Objective: To discuss the efficacy, safety and feasibility of retroperitoneal Laparoendoscopic Single-Site (LESS) Ureterolithotomy.

Methods: Selected all the patients who met the inclusion criteria and confirmed to be upper and middle ureteral calculus by imaging tests from the department of Urology,the First Affiliated Hospital of Medical College of Shihezi University in the period of July 2011 to July 2012,the patients met t were randomly divided into single-site retroperitoneal laparoendoscopic group (group A) and standard retroperitoneal laparoscopic group (group B).The various efficacy indicators between two groups were compared by SPSS 17.0 software.

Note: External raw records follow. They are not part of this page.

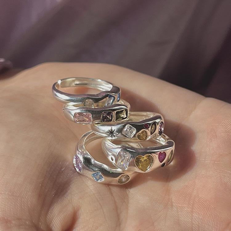 Anillo irregular colorido para mujer, diseño de nicho, anillo de dedo de alta calidad, personalizado, de moda, anillo abierto para bolso.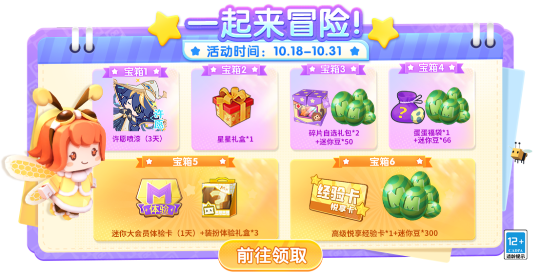 10.18-10.31期间,完成对应任务、积攒冒险值,开启对应宝箱,可以获得星星礼盒、碎片自选礼包、迷你豆(共*416)、大会员体验卡、高级悦享经验卡等丰厚奖励!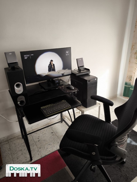 колонки, сабвуфер, клавиатура, столик компьютерный и кресло.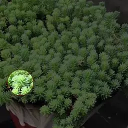 薄雪万年草别名矶小松,景天科景天属多年生草本植物,其细小的蓝绿色棒状叶片环绕生长于茎端,…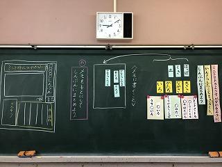 2年生の国語の授業です。「ミニトマトのようすがわかるように、かんさつしたことをきろくし、しんぶんにまとめよう」という目標で授業をしています。今日は「メモをもとにしてしんぶんにまとめよう」というめあてで新聞を書いています。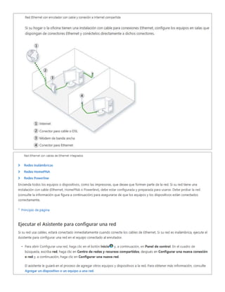 El documento describe los 6 pasos para configurar una red doméstica en Windows 7: 1) planear la red, 2) obtener hardware y un proveedor de internet, 3) configurar el enrutador, 4) conectar el enrutador a internet, 5) conectar equipos a la red, y 6) compartir archivos e impresoras. Proporciona detalles sobre cada paso, incluyendo cómo configurar manualmente o automáticamente un enrutador y conectarlo a internet y otros equipos.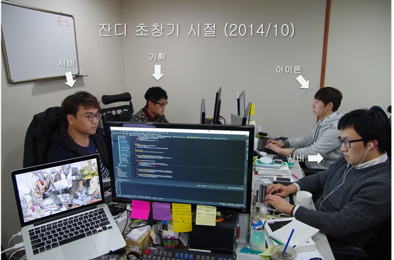 C: 제대를 3개월 앞둔 군인 시절, 아이폰 개발자를 찾는 연락을 받았다. 그렇지 않아도 제대하고 바로 개발 경험을 쌓을 수 있었으면 좋겠다고 생각했다. 솔직히 말하면 그 당시엔 잔디가 어떤 회사인지 탐색이나 해보자는 생각에 멤버들을 만났다.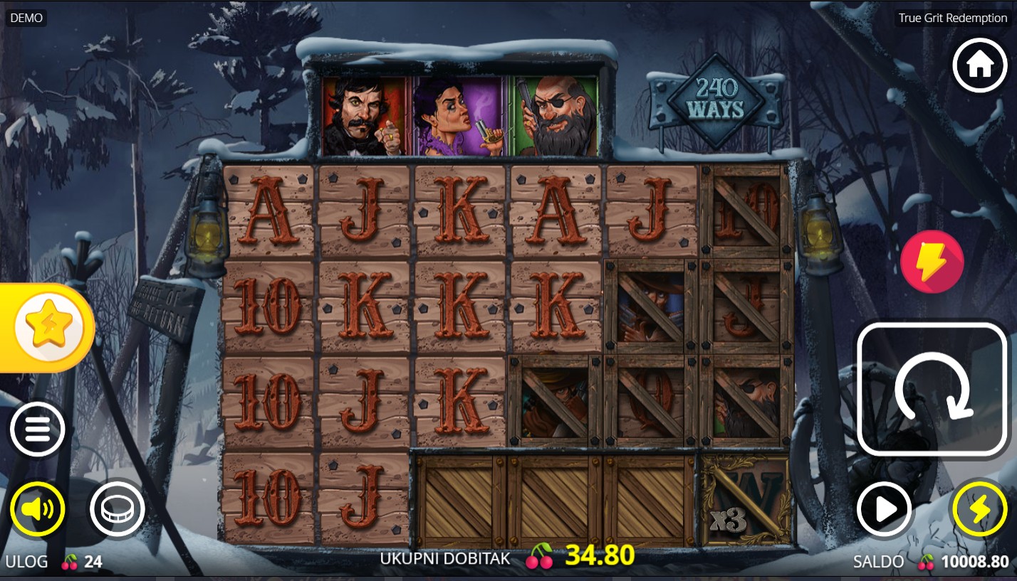 True Grit Redemption se igra na 6 valjaka i 5 redova. Cilj igre je složiti identične simbole slijeva nadesno i stvoriti dobitne kombinacije. Wild simboli zamjenjuju ostale simbole i povećavaju šanse za dobitke, dok 3 ili više scatter simbola pokreću rundu besplatnih vrtnji s dodatnim značajkama i množiteljima. Igra je puna bogatih značajki koje ti omogućavaju velike nagrade.

Results: 12 cases of group A and 15 cases of group B fit for the stduy were collected.All the operations were completed successful,without conversion to standard laparoscopic or open surgeries,all stones were successfully removed and no major perioperative complications occured. As to blood loss, postoperative bowl function recovery time,drain volume,drain removal time and postoperative hospital stay,the two groups had no signifieant difference (P>0.05).As to operative time,group A was longer than group B (P<0.05).As patient’s satisfaction and postoperative cosmetic results,group A was better than group B (P<0.05).1 patient used analgesic drugs the second day postoperated in group B,no analgesic drugs used in group A. All patients showed no residual stones and ureteral obstructions or stenosis postoperatively reached 1-3 month follow-up.1 patient’s double-J tube was removed by ureteroscope be hospitalized caused by retracted into uerter three months after surgery.All patients showed no residual stones and hydronephrosis 1-3 month follow up after double-J tube removal.

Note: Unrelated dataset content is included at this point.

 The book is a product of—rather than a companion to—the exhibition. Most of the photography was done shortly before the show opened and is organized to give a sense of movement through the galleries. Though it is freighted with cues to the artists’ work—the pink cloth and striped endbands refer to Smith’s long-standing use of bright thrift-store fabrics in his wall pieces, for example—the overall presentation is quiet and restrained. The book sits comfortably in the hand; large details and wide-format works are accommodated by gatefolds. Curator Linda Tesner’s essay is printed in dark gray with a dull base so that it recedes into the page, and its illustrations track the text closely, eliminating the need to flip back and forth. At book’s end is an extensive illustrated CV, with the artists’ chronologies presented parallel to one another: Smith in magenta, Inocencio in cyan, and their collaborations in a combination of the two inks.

Conclusions: Retroperitoneal LESS ureterolithotomy is safe and feasible, but the operation difficulty is hard, Learning curve is longer, still needs larger series and follow-up study to further evaluate its long-term benefits. Althogh there are some defects in LESS technology presently, we believe with the accumulation of experience of surgeons and improvement of special equipments, the benefits of LESS will be obviously, achieve more social and economic benefits finally. It’s the trend of the development of minimally incasive surgery, it is worth clinical promotion.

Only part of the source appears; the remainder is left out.